§ **INSTRUCTIONS FOR THE TASK**: Make an exact copy of the records, leaving out the images.

§ **MATERIAL SUPPLIED**:
<<<<

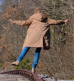 Giacca lunghezza midi reversibile in nylon idrorepellente rosa e beige scuro Ottime condizioni
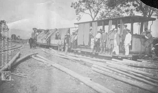 Los trabajadores de la madera abordan el tranvía. Santiago de Cali, 1910.
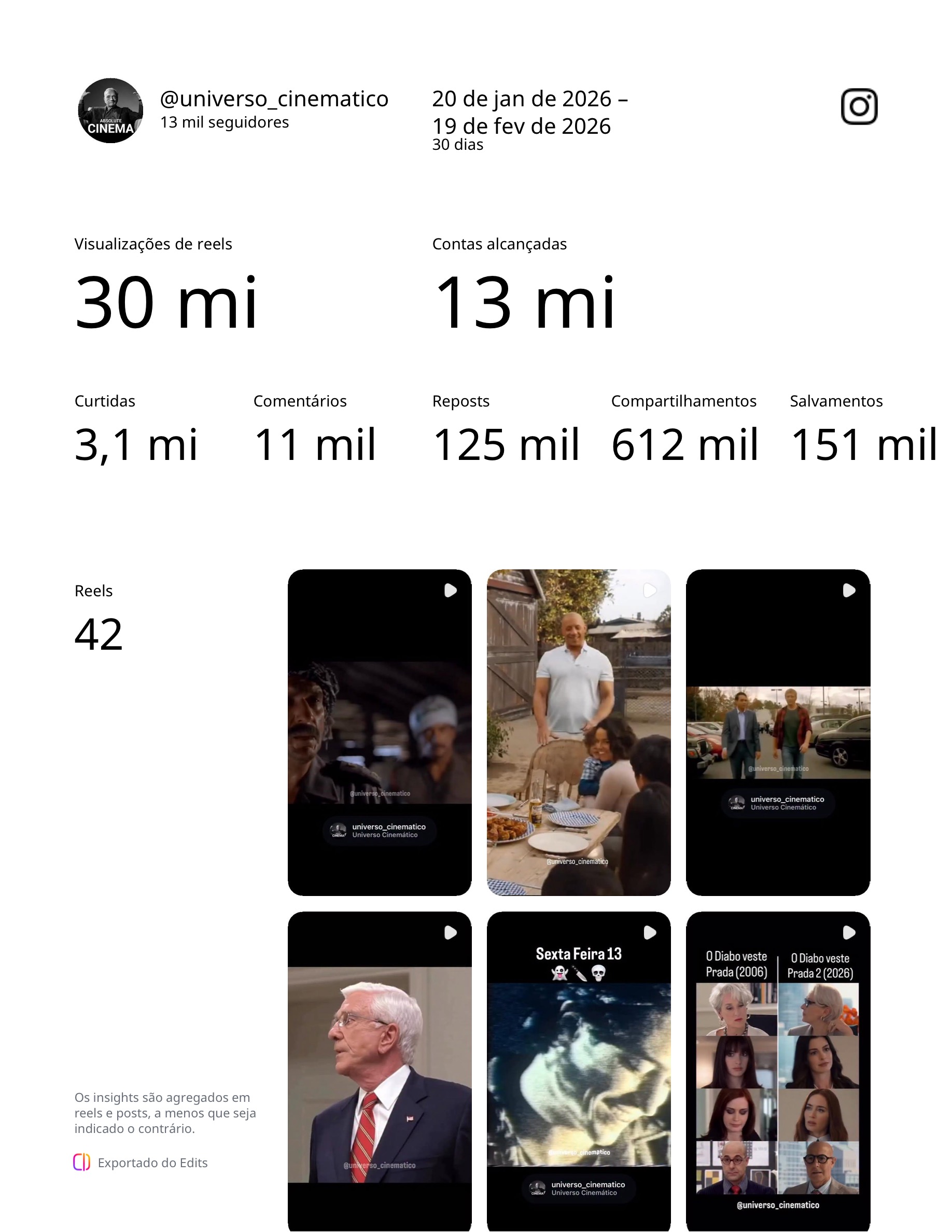 - Link da Conta: https://www.instagram.com/universo_cinematico?igsh=ZmZ4dGpzdnhzeHNj&utm_source=qr
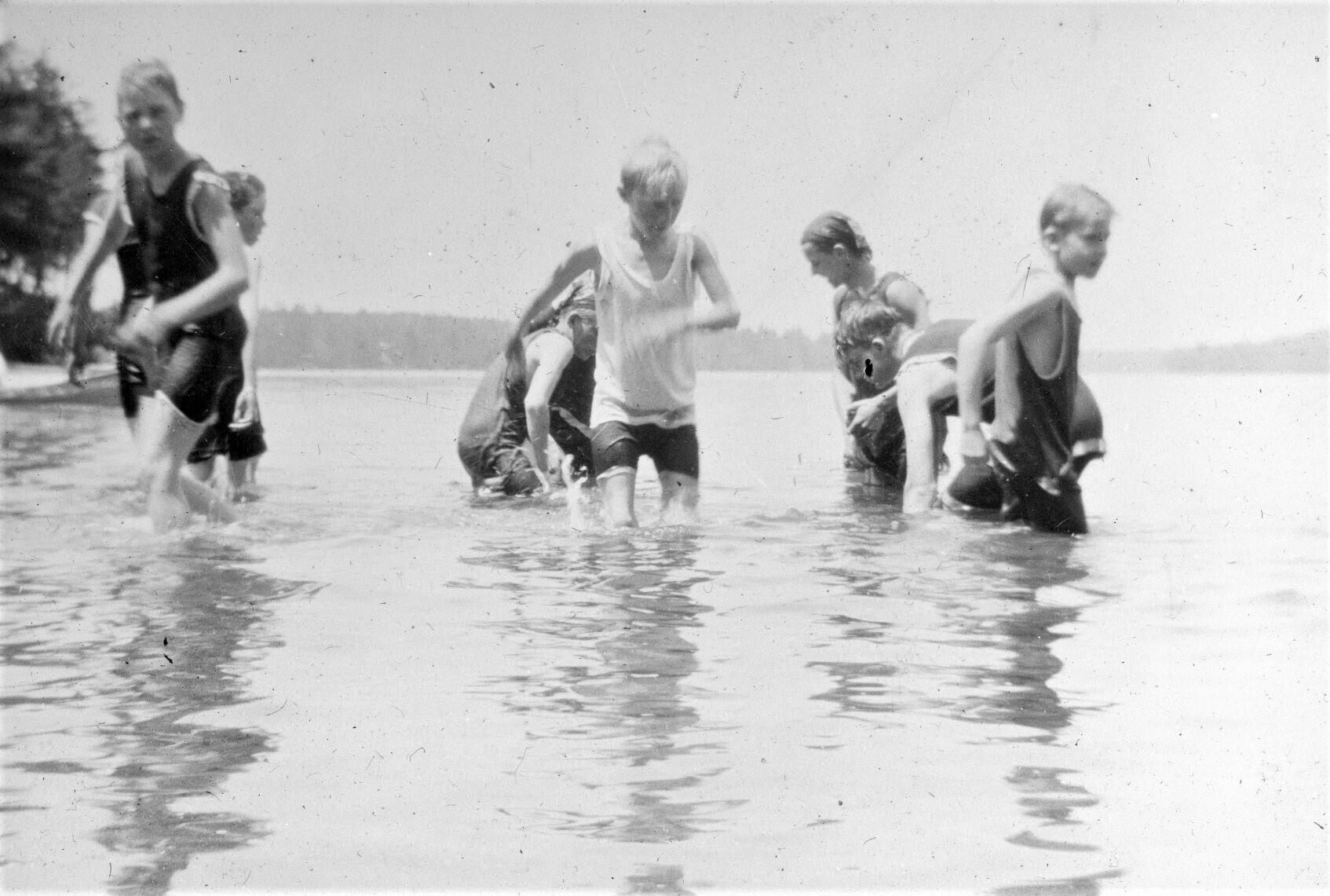 Glass lantern slide of Saco Boy Scouts in the Saco River. The Boy Scouts of America was founded in 1910. It is likely that this is the very first Boy Scout troop in Saco.
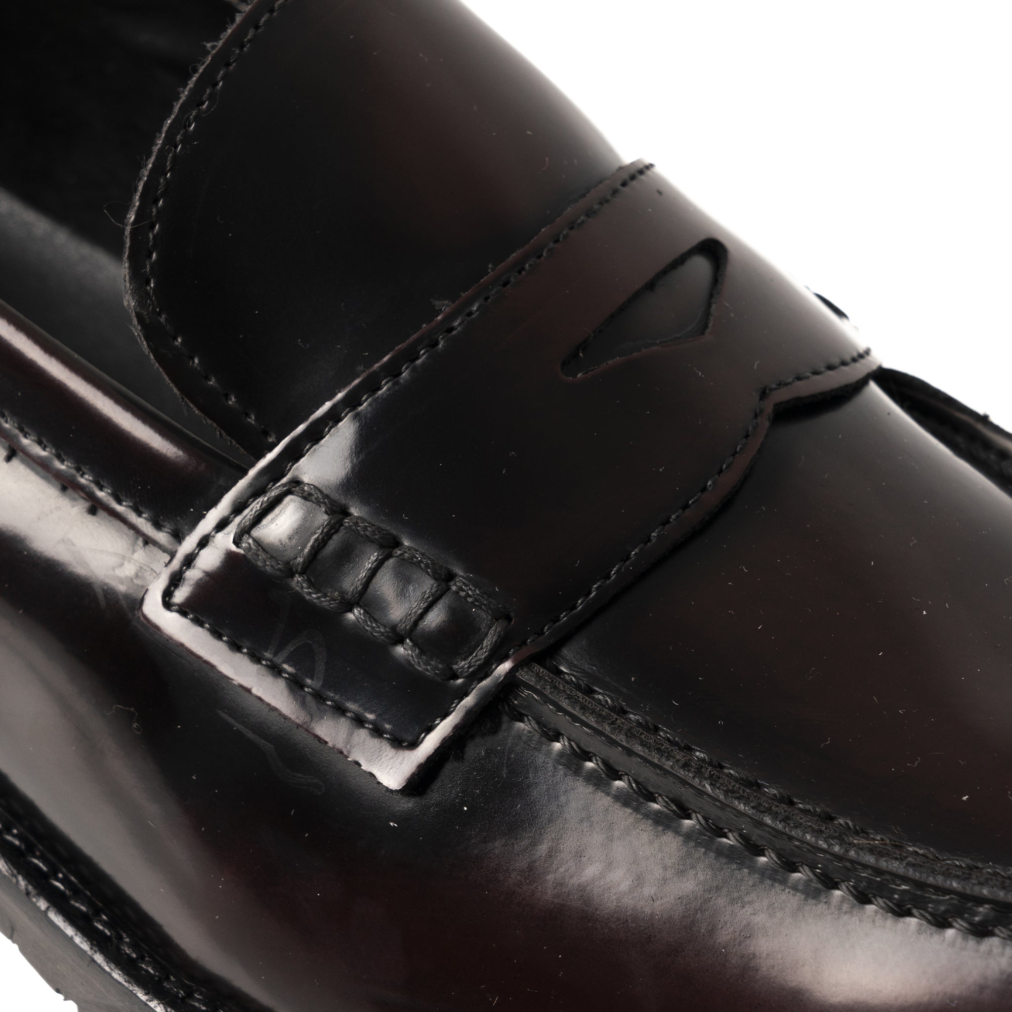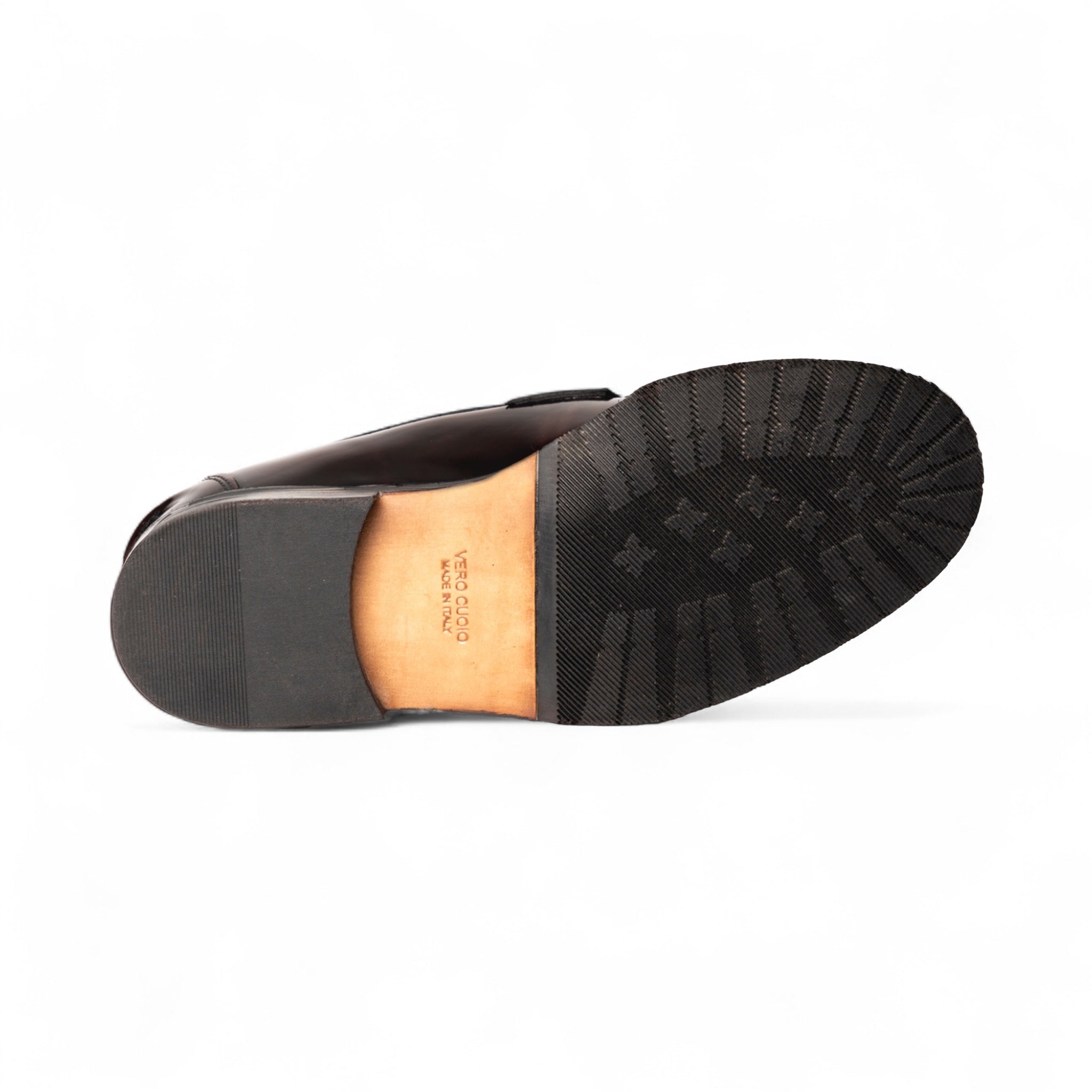 Mocassino AURELIO Abrasivato Bordeaux con Suola in Cuoio con Mezza Piantina Uomo
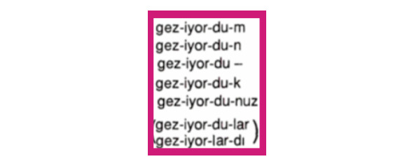 5. Öğle.. (исходный пад.) evvel saat yedi.. (местный пад.) (в семь часов утра) Moskova.. (апостроф + исходный пад.) Antalya.. (апостроф + направительный пад.) uçmak.. (причастие настоящего-прошедшего вр. -an/– en) bir uçak.. (местный пад.) (в самолете, летящем из Москвы в Анталию) iki adam (двое мужчин) yan yan.. (направительный пад.) (рядом друг с другом) oturmak.. (причастие прошедшего вр. -mış/-miş/-muş/-müş) (сев) konuşmak.. (определённый имперфект) (разговаривали).
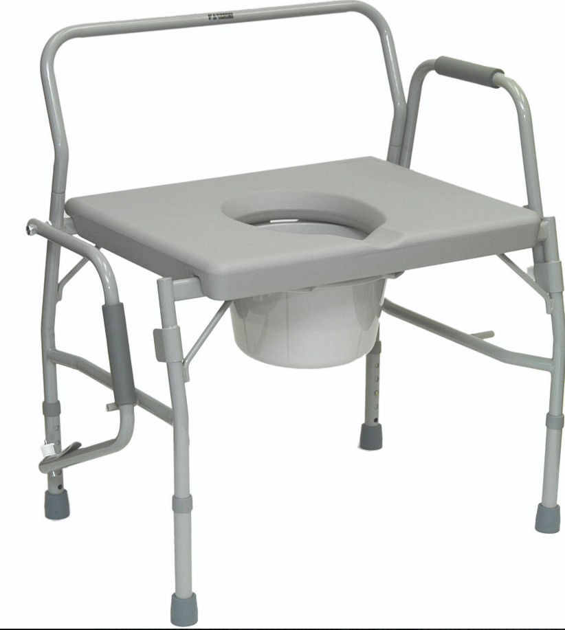 The ProBasics Bariatric Drop-Arm Commode features a durable steel frame with an easy-release push button arm mechanism allowing for safe lateral patient transfers to and from the commode. Equipped with wider seat and reinforced steel frame to support patient weights up to 650 pounds, it comes complete with commode bucket and lid.
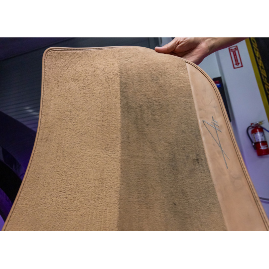 Silně znečištěná alcantara - Na znečištěný povrch nastříkejte velmi malé množství přípravku. Dbejte na to, aby povrch alcantary nenasákl. Jemným kartáčkem uvolněte nečistoty z alcantary a ty následně šetrně stírejte suchou, čistou mikrovláknovou utěrkou a povrch zcela osušte.
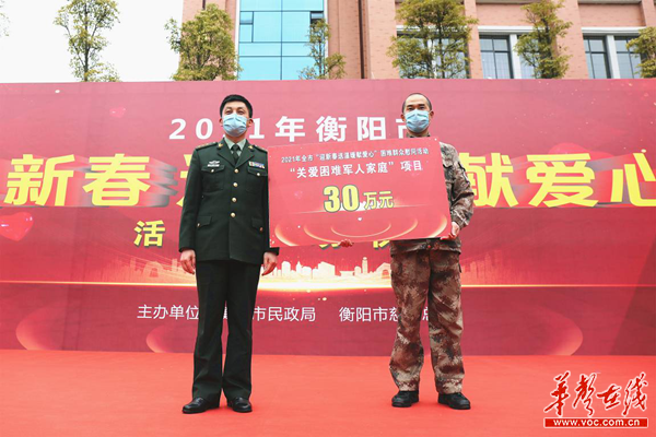 华声在线2月4日讯(通讯员 谭绪卫 梁铨显)春节将至,驻衡部队困难军人家庭温暖过冬、祥和过年,是衡阳警备区党委最大的牵挂。近日,衡阳警备区政治工作处协调衡阳市慈善总会将募捐到的30万元资金用于扶持36户困难军人家庭,为生活中有实际困难的军人家庭添一道“保障”。
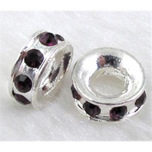 alloy bead with rhinestone, silver plated, 12mm dia, Deep Purple
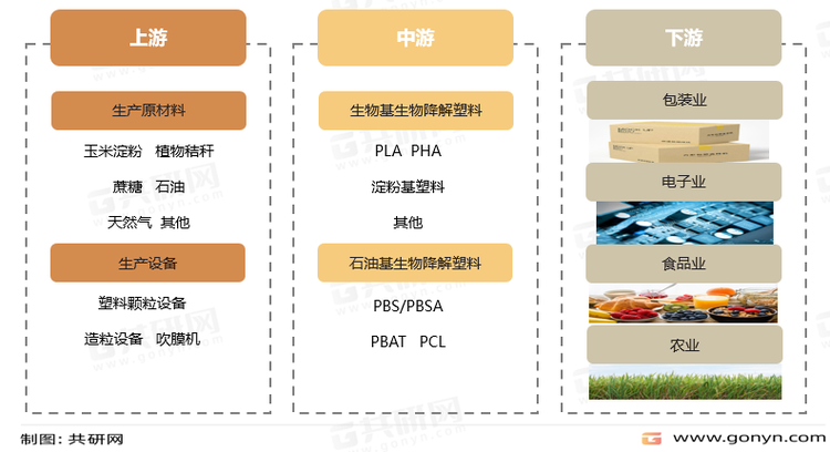 可降解塑料上游包括生产原材料和生产设备,生产原材料包括玉米淀粉、植物秸秆、蔗糖、石油、天然气等,生产设备包括塑料颗粒设备、造粒设备、吹膜机等,广泛应用于包装、电子、农业、食品等领域。
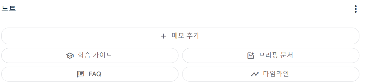 NotebookLM은 여기서 더 나아가, 아래와 같이 메모 기능, 학습 가이드 생성 기능, 브리핑, FAQ, 그리고 타임라인 기능을 도입했습니다.
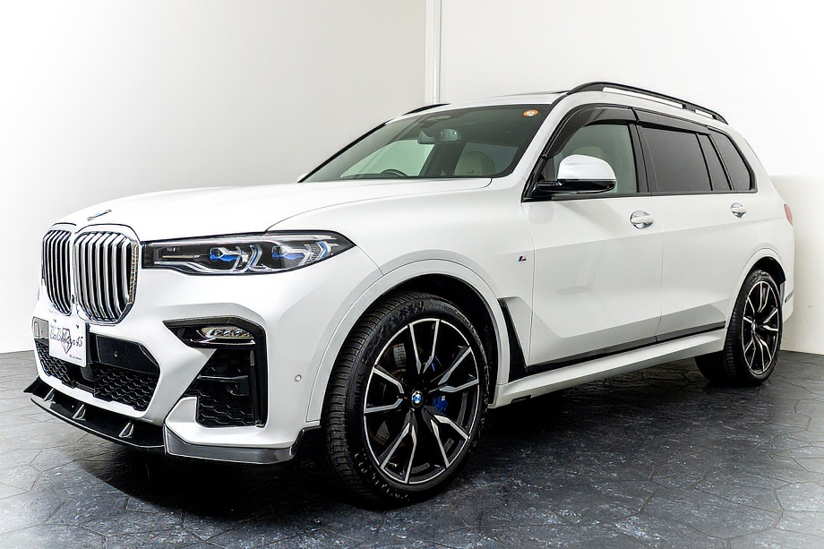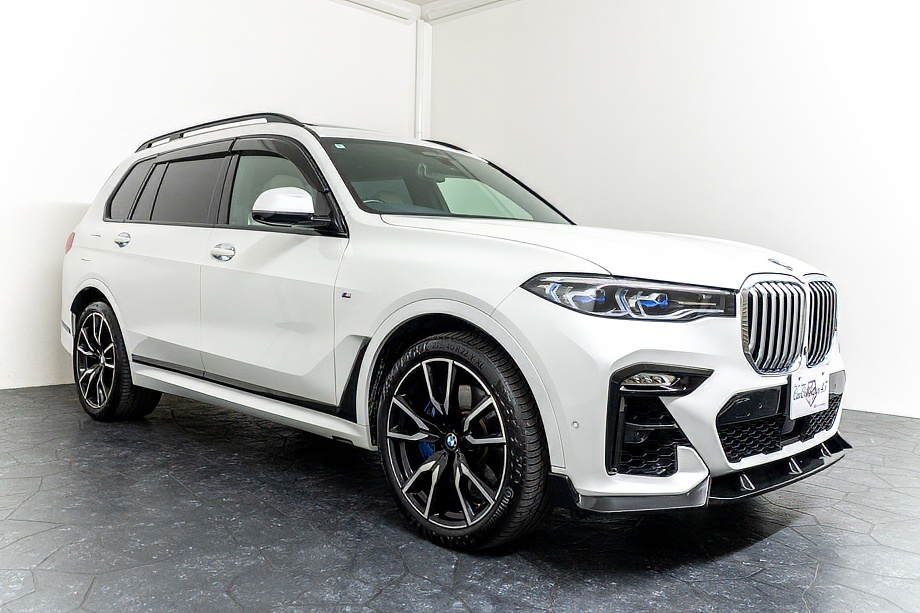 BMW X7 xDrive 35d Mスポーツ 正規ディーラー車 社外フロントスポイラー オプション22インチホイール スカイラウンジパノラマサンルーフ ウェルネスパッケージ エグゼクティブドライブプロ 2列目コンフォートシート リアエンターテイメント Bowers&Wilkinsサウンド ミネラルホワイト令和2年5月

>>>>

§ **RESULT OF THIS EXERCISE**:
 Giacca lunghezza midi reversibile in nylon idrorepellente rosa e beige scuro Ottime condizioni
 Los trabajadores de la madera abordan el tranvía. Santiago de Cali, 1910.
 - Link da Conta: https://www.instagram.com/universo_cinematico?igsh=ZmZ4dGpzdnhzeHNj&utm_source=qr
 Glass lantern slide of Saco Boy Scouts in the Saco River. The Boy Scouts of America was founded in 1910. It is likely that this is the very first Boy Scout troop in Saco.
 Mocassino AURELIO Abrasivato Bordeaux con Suola in Cuoio con Mezza Piantina Uomo
 5. Öğle.. (исходный пад.) evvel saat yedi.. (местный пад.) (в семь часов утра) Moskova.. (апостроф + исходный пад.) Antalya.. (апостроф + направительный пад.) uçmak.. (причастие настоящего-прошедшего вр. -an/– en) bir uçak.. (местный пад.) (в самолете, летящем из Москвы в Анталию) iki adam (двое мужчин) yan yan.. (направительный пад.) (рядом друг с другом) oturmak.. (причастие прошедшего вр. -mış/-miş/-muş/-müş) (сев) konuşmak.. (определённый имперфект) (разговаривали).
 The ProBasics Bariatric Drop-Arm Commode features a durable steel frame with an easy-release push button arm mechanism allowing for safe lateral patient transfers to and from the commode. Equipped with wider seat and reinforced steel frame to support patient weights up to 650 pounds, it comes complete with commode bucket and lid.
 Silně znečištěná alcantara - Na znečištěný povrch nastříkejte velmi malé množství přípravku. Dbejte na to, aby povrch alcantary nenasákl. Jemným kartáčkem uvolněte nečistoty z alcantary a ty následně šetrně stírejte suchou, čistou mikrovláknovou utěrkou a povrch zcela osušte.
 华声在线2月4日讯(通讯员 谭绪卫 梁铨显)春节将至,驻衡部队困难军人家庭温暖过冬、祥和过年,是衡阳警备区党委最大的牵挂。近日,衡阳警备区政治工作处协调衡阳市慈善总会将募捐到的30万元资金用于扶持36户困难军人家庭,为生活中有实际困难的军人家庭添一道“保障”。
 alloy bead with rhinestone, silver plated, 12mm dia, Deep Purple
 可降解塑料上游包括生产原材料和生产设备,生产原材料包括玉米淀粉、植物秸秆、蔗糖、石油、天然气等,生产设备包括塑料颗粒设备、造粒设备、吹膜机等,广泛应用于包装、电子、农业、食品等领域。
 NotebookLM은 여기서 더 나아가, 아래와 같이 메모 기능, 학습 가이드 생성 기능, 브리핑, FAQ, 그리고 타임라인 기능을 도입했습니다.
 BMW X7 xDrive 35d Mスポーツ 正規ディーラー車 社外フロントスポイラー オプション22インチホイール スカイラウンジパノラマサンルーフ ウェルネスパッケージ エグゼクティブドライブプロ 2列目コンフォートシート リアエンターテイメント Bowers&Wilkinsサウンド ミネラルホワイト令和2年5月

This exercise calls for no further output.